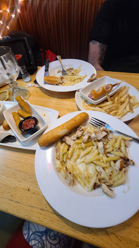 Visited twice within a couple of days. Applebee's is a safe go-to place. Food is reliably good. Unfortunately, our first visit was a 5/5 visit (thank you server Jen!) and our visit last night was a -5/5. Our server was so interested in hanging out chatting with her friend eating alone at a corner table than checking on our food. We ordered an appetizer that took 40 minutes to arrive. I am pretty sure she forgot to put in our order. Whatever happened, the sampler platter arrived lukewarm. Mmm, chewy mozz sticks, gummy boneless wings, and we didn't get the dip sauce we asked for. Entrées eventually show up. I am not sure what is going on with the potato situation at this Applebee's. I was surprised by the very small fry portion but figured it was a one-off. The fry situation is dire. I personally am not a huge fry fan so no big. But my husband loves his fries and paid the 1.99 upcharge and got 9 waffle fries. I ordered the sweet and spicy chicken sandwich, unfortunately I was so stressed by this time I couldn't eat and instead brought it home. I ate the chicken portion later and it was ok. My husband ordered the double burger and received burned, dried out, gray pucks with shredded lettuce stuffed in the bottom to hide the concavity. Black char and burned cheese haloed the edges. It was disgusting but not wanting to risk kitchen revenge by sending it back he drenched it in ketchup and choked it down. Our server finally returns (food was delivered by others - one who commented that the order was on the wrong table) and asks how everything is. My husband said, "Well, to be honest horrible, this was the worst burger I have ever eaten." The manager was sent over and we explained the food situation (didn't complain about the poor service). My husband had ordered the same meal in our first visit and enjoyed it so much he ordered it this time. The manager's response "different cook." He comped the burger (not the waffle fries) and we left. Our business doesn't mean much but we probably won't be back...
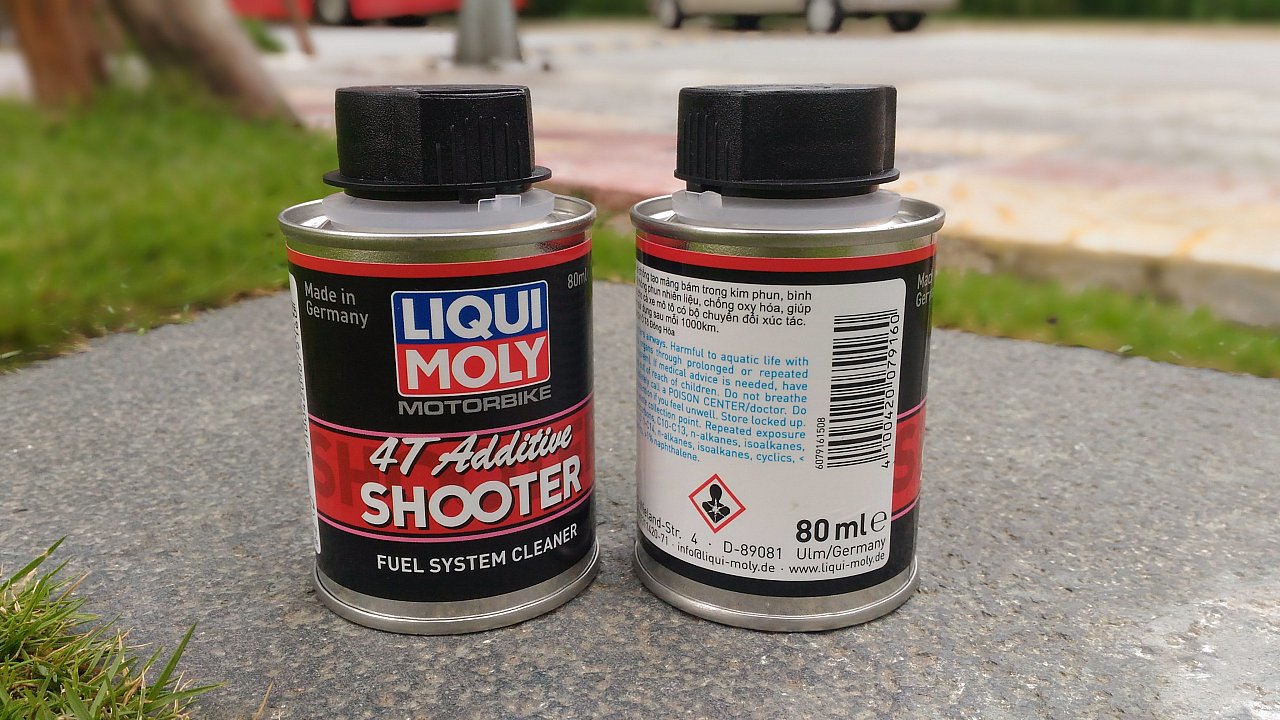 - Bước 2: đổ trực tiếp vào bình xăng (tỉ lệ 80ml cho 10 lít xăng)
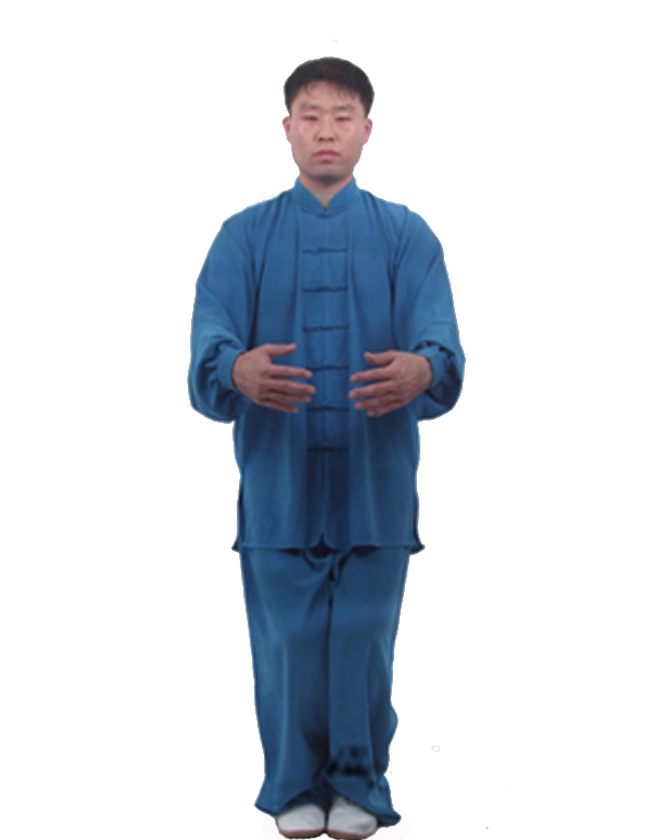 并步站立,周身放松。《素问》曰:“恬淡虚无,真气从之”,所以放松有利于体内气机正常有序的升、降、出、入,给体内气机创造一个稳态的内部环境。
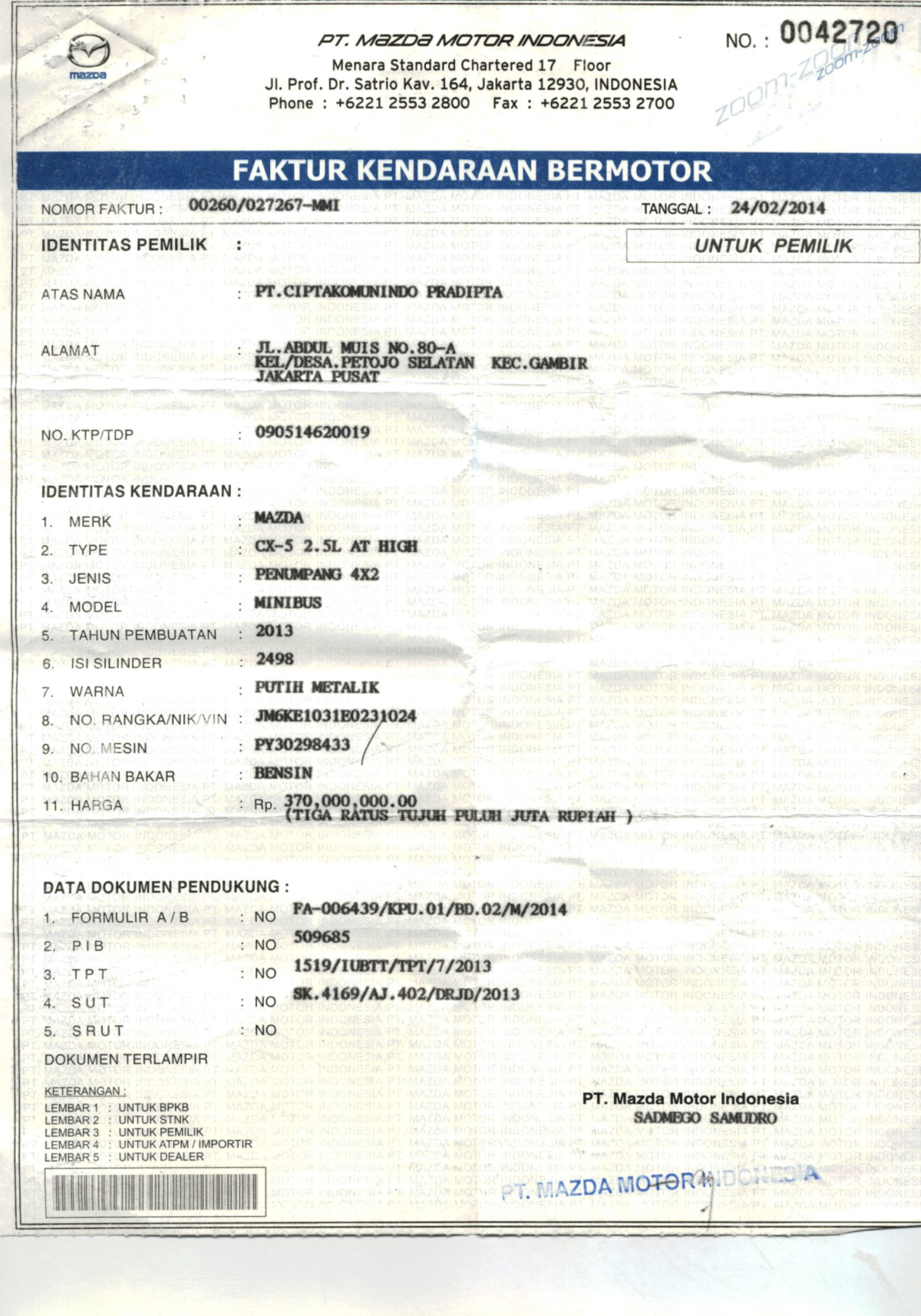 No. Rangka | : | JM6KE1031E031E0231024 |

Task requirements: Find the line with "并步站立,周身放松。《素问》" in the listing and extract it and all lines after it through the end, exactly, without the pictures.

Final answer:
 并步站立,周身放松。《素问》曰:“恬淡虚无,真气从之”,所以放松有利于体内气机正常有序的升、降、出、入,给体内气机创造一个稳态的内部环境。
 No. Rangka | : | JM6KE1031E031E0231024 |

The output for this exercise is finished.